You can picture us as microscopic organisms living in a tiny tidepool somewhere. We frantically search for nutrients and resources under the surface of the water, never knowing of anything more. Life is completely satisfying and self-sustaining under the surface, but if any of us were to pop our heads above the water and see the vast world beyond the pool, we'd wonder what the Hell we were prizing our life there for.

On a less maudlin (but still boundless) note, I made a program on my NES that can display all the graphics ever possible and ever made. It does this by displaying all the possible bit patterns in a four-colour 8x8 region. If this were to be allowed to complete its cycle, it would eventually show every 8x8 font in every script, all the letters of the alphabet, all the possible Arabic symbols, all the Japanese syllabary, all the graphics in all the NES games made, all the copyrighted and trademarked images, everything. It's neat to watch, and it's educational.

The catch? There are around 340,000,000,000,000,000,000,000,000,000,000,000,000 different possible images that the program can make before the cycle is completed. At 60 different images per second, it will take 180,000,000,000,000,000,000,000,000,000 years to complete. For a clue to the reason why this will never happen, see the paragraphs above.

Fri., Dec. 3, 1999
Here's my tip of the week to you folks; heed it well. When faced with the choice of doing nothing and doing something, just do it!! I was coming home from a couple hours of work downtown, and I asked myself whether I wanted to go to the pawnshops to check and see if there were any good games there. I had planned not to, but I looked at my watch and realized that I would miss the next seabus no matter what I did. So, I said what the Hell and walked down Hastings street to check out the pawn shops. Lo and behold, in one of them were about 20 Famicom games!! I went home happy with 10 good ones that I had just bought. I would never have expected to find these in a pawn shop in the seediest part of town!

Tue., Dec. 14, 1999
Well, I just had my birthday recently. I turned 22, which is a significant number for me, at least. I generally regard the entire year that I was twelve as being the best year of my life, as well as probably the most eventful and influential. So, I'm reeling from the notion that it has been a full decade since I turned twelve. 1990 was the best year of my life, no doubt about that; so I will really start laying on the nostalgia come 2000.

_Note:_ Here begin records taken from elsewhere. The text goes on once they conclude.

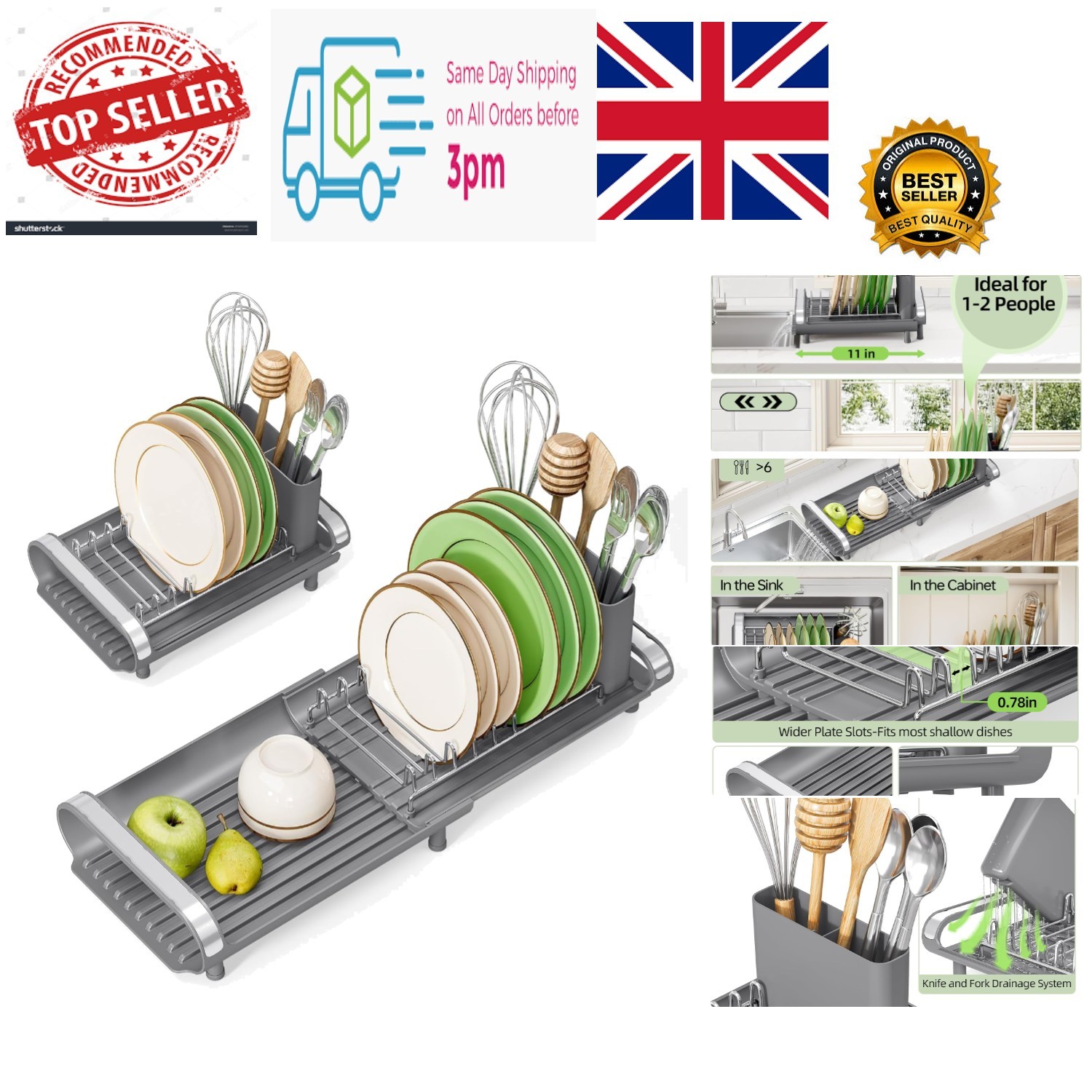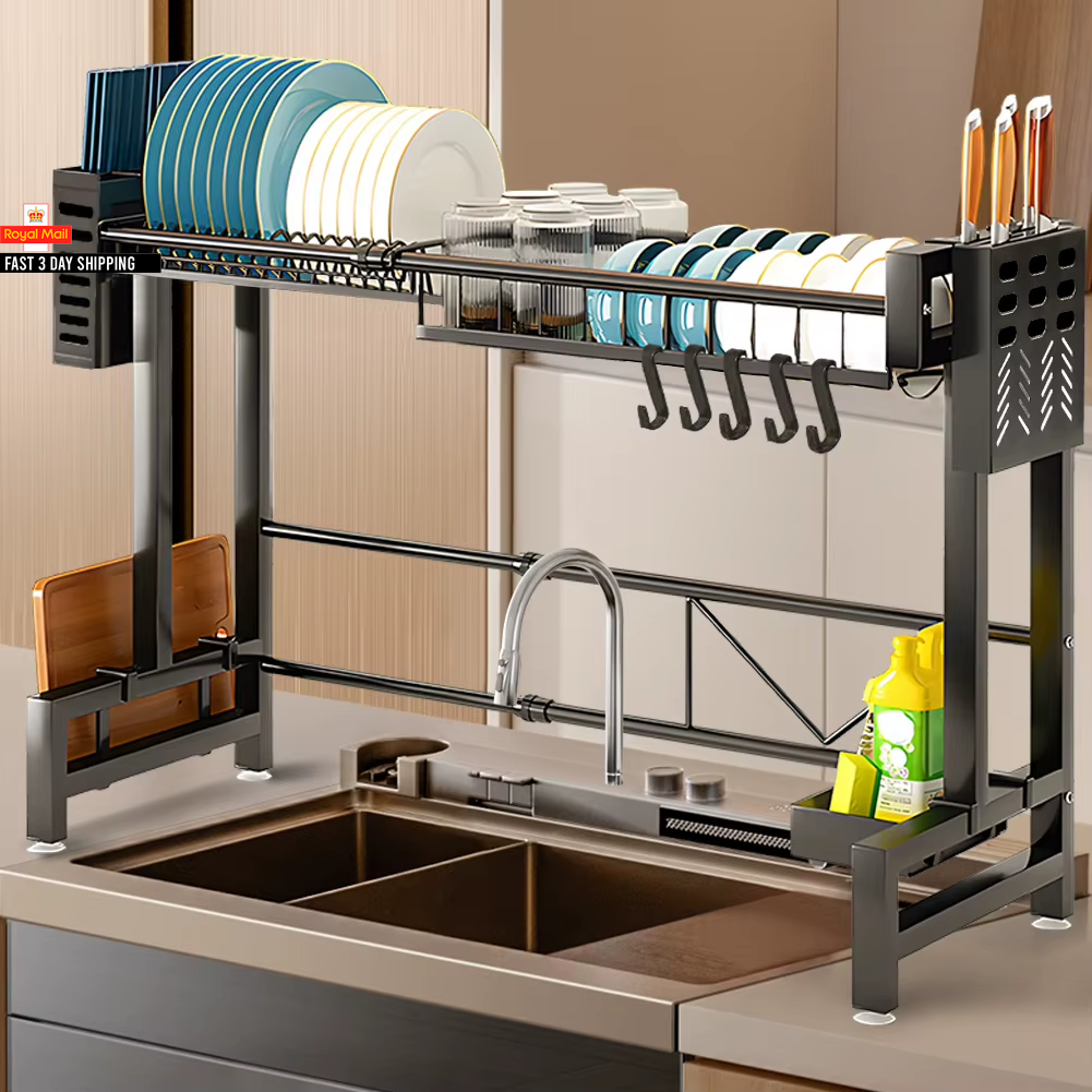 Extendable Dish Drainer Rack Adjustable Stainless Steel Sink Organizer UK
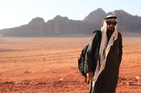 Jordan. Wadi Rum, Bedouin man walking towards mountain
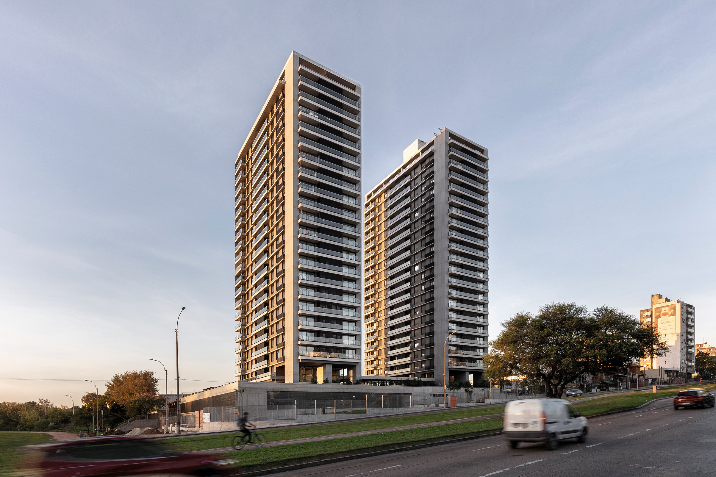 Al llegar desde el centro, la ciudad parece desplegarse como una página recién escrita: Avenida Italia corre recta y decidida hacia el Este, mientras la rambla Concepción del Uruguay, aún en proceso de consolidación, perfila una nueva costura entre el tejido urbano y el paisaje natural. En ese intersticio que Montevideo apenas empieza a narrar, emerge un proyecto con vocación de hito: dos torres que no solo se elevan, sino que articulan.
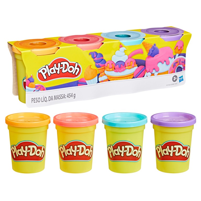 PACOTE COM 4 CORES PLAY-DOH: Brinquedos criativos para crianças a partir dos 2 anos, atividades de artes e artesanato para crianças, este kit traz quatro vezes mais diversão com 4 pacotes de massa de modelar Play-Doh!; VEM COM 4 CORES PLAY-DOH: Com 4 potes de massa Play-Doh atóxica em potes de 112 g em cores diferentes, as crianças podem moldar e criar sem parar; CORES CLÁSSICAS: As crianças podem ser criativas com cores clássicas neste pacote de variedades Play-Doh; BRINQUEDOS PARA CRIANÇAS, PRESENTES, BRINDES DE FESTA E MAIS: Brinquedos para crianças dinâmicas, lembrancinhas, prêmios em sala de aula, presentinhos para ocasiões especiais e muito mais!; A QUALIDADE CONHECIDA POR TODOS: A massa de modelar Play-Doh é a favorita desde 1956! É feita basicamente de água, sal e farinha de trigo e passa por rigorosos testes para manter sua qualidade.
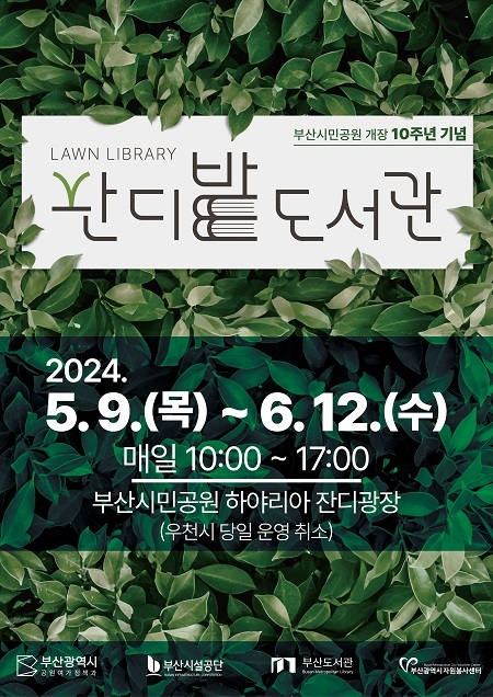부산시설공단은 9일부터 오는 6월 12일까지 35일간 ‘부산시민공원 잔디밭 도서관’을 개최한다고 밝혔다. 부산시민공원 잔디밭 도서관은 매일 오전 10시부터 오후 5시까지 운영한다..

What was so great about being 12? Well, it sparked a big change for me, personality-wise. You could say I came out of my shell. The situation came round at school when I was placed into a group of 4 as the only male member. (No pun there!) Because of this unique (for me) opportunity, I resolved to be less of a nobody in class, and maybe attract some girls as well. I copped more of an attitude, used sexual double-entendres to the max, and actually did garner some attention from the ladies. I went too far, though, with my comedic ebulliance, because I really was still just forcing myself to be this outgoing guy; and I remained underneath just some terminally shy twelve-year-old. When the girl I liked actually started liking me, I still did nothing about it. I kick myself to this day for not asking her out then, as it would probably have enabled me to ask girls out in high school, with no problems at all. Since that didn't happen, I never took the leap into dating until much, much later. Oh well, you take the good with the bad. I think that if I hadn't tried to impress the girls in my group on that first day, I would likely have remained on the sidelines forever as some videogame-playing geek. Instead, I found out how much of a high it was to act out and draw positive attention to myself. This feeling hasn't left me since, but I did retract my personality again during the eleventh grade or so. I'll leave the explanation of that for a later date; I've revealed enough of myself as it is.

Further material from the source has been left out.